Task prompt
Leave every picture out. Set down all the lines below exactly.

Material provided
----

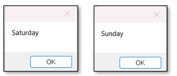この 変数DayOfWeek は、DateTime型変数の日時を表すカレンダーデータから「曜日」を英語で表記したデータ値を出力してくれます。例: Monday とか
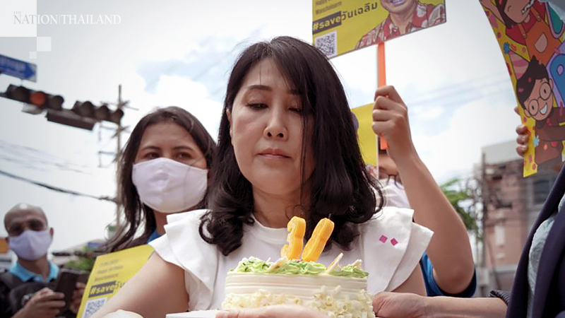 The family today took the opportunity to celebrate Wanchalearm’s birthday with cake and cookies that they shared with Embassy staff, police, press and passers-by in front of the Cambodian mission.
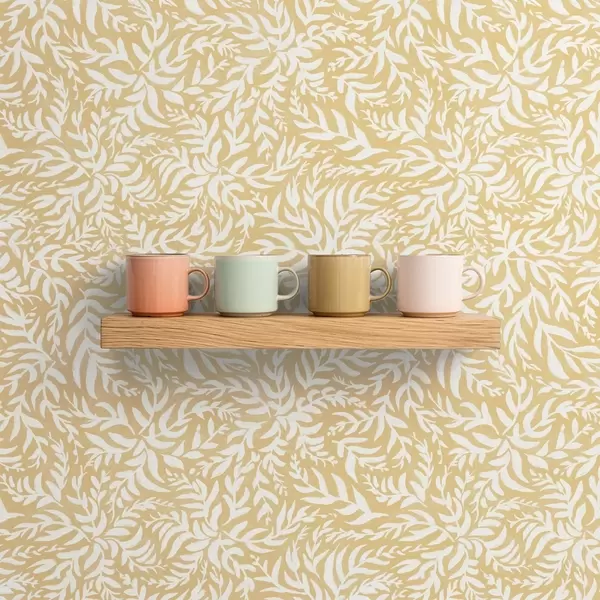 Baggrunde Hvidt bladmønster på varm okker, hvirvlende rytme Nr. a00845

----

Task output
この 変数DayOfWeek は、DateTime型変数の日時を表すカレンダーデータから「曜日」を英語で表記したデータ値を出力してくれます。例: Monday とか
 The family today took the opportunity to celebrate Wanchalearm’s birthday with cake and cookies that they shared with Embassy staff, police, press and passers-by in front of the Cambodian mission.
 Baggrunde Hvidt bladmønster på varm okker, hvirvlende rytme Nr. a00845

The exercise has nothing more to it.